To overcome the insolubility of the GST-tag fused caspase-2 CARD, we co-expressed the fusion protein with its binding partner RAIDD CARD in E. coli. Co-expression is often important for obtaining soluble protein complexes when the component proteins are insoluble without their binding partners [34]. Although GST-caspase-2 CARD was still detected in the insoluble fraction, most of the expressed protein was present in the soluble fraction. With this information, we performed His-tag pull-down assay with the co-expression sample. The bacterial cell pellets were resuspended, homogenized and fractionated into the soluble supernatant fraction and the insoluble fraction. The soluble supernatant fraction that contained both His-tagged RAIDD CARD and GST-fused caspase-2 CARD was incubated with Ni-NTA beads. After extensive washing, the beads were eluted using imidazole and the eluted fraction was examined using Coomassie Brilliant Blue stained SDS-PAGE. In agreement to previous cellular experiments, Figure 1B clearly showed that GST-fused caspase-2 CARD co-eluted with His-tagged RAIDD CARD, indicating that capase-2 CARD interacts with RAIDD CARD in vitro.

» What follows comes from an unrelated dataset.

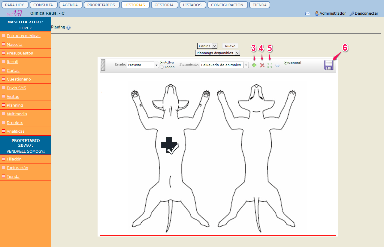 Les accions que podem realitzar són les pròpies de la creació d'un pressupost: afegir un nou tractament (3), eliminar un tractament (4), moure un tractament (5) i finalment guardar el pressupost (6).

For the interaction between His-tagged PIDD DD and RAIDD DD, we have shown previously that PIDD DD and RAIDD DD co-migrate on gel filtration chromatography as a ~150 kD complex [20]. This result was also confirmed using native PAGE (Figure 1C). Unbound left over PIDD DD was always detected. This maybe because of the aggregation tendency of PIDD, not all PIDD can be recruited into the RAIDD/PIDD complex.

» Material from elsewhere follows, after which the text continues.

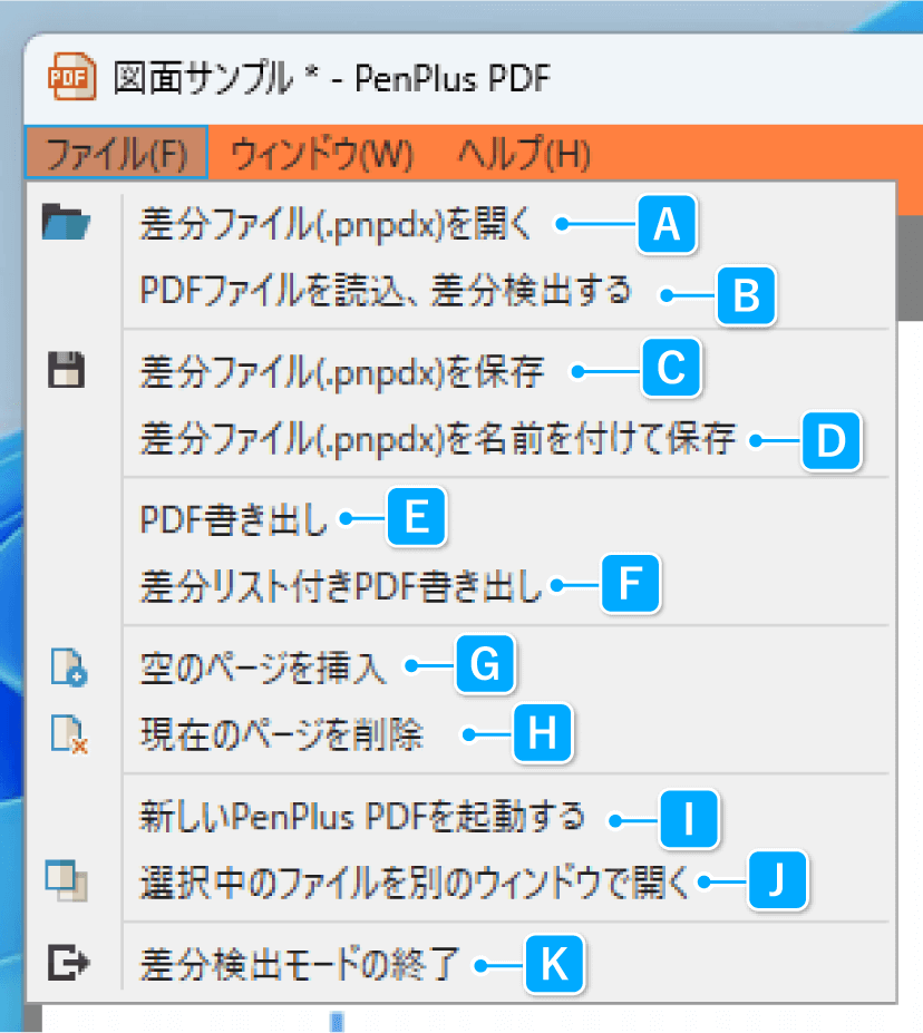 | A | 差分ファイル(.pnpdx)を開く | 既存の差分ファイルを選択し、差分検出モードへ読み込みます。 |

Full-length RAIDD failed to interact with either caspase-2 CARD or PIDD DD

To reconstitute the PIDDosome in vitro with purified protein components, we successfully purified full-length RAIDD in E. coli (Figure 2A). Since full-length RAIDD, which contains CARD and DD for homotypic interactions, expected to interact with caspase-2 CARD and PIDD DD, we tested the dimeric interactions between full-length RAIDD and caspase-2 CARD and between full-length RAIDD and PIDD DD. We used a co-expression system followed by a pull-down assay to investigate the interaction between full-length RAIDD and caspase-2 CARD. To investigate full-length RAIDD and PIDD DD interaction, we used gel-filtration chromatography. Using a co-expression system for investigating the interaction between full-length RAIDD and caspase-2 CARD is critical because GST-tagged caspase-2 CARD was insoluble when expressed alone. In contrast, the PIDD DD itself was soluble and easily purified. Based on these biochemical analyses, we found that neither caspase-2 CARD nor PIDD DD formed a complex with full-length RAIDD in a physiological buffer condition (Figure 2B, 2C).

A. Gel filtration chromatogram and fractions of full-length RAIDD. B. Co-expression and His-tag pull-down of GST-caspase-2 CARD by His-tagged full-length RAIDD. Lane1: Marker; Lane2: Supernatant of the cell lysate; Lane3: Pellet of the cell lysate; Lane4: Flow through after incubation with Ni-NTA beads; Lane5: Imidazole eluted fraction. Flow-through contains unbounded GST-caspase-2 CARD. Only RAIDD is present at the eluted fraction. C. Gel-filtration profile of the mixture of full-length RAIDD and PIDD DD. SDS-PAGE of the peak fraction is shown.

Purified RAIDD is prone to aggregation at a physiological salt and pH condition

During the purification steps, we noticed that full-length RAIDD had a tendency to precipitate, as shown by visible turbidity, after elution from the gel filtration chromatography in a standard buffer condition that we routinely use. The buffer contained 20 mM Tris-HCl pH 8.0, 150 mM NaCl, and 1 mM DTT and mimics the physiological salt and pH condition. We wondered whether the solubility of full-length RAIDD is sensitive to buffer conditions and whether this property is related to its inability to interact with PIDD DD or casapse-2 CARD.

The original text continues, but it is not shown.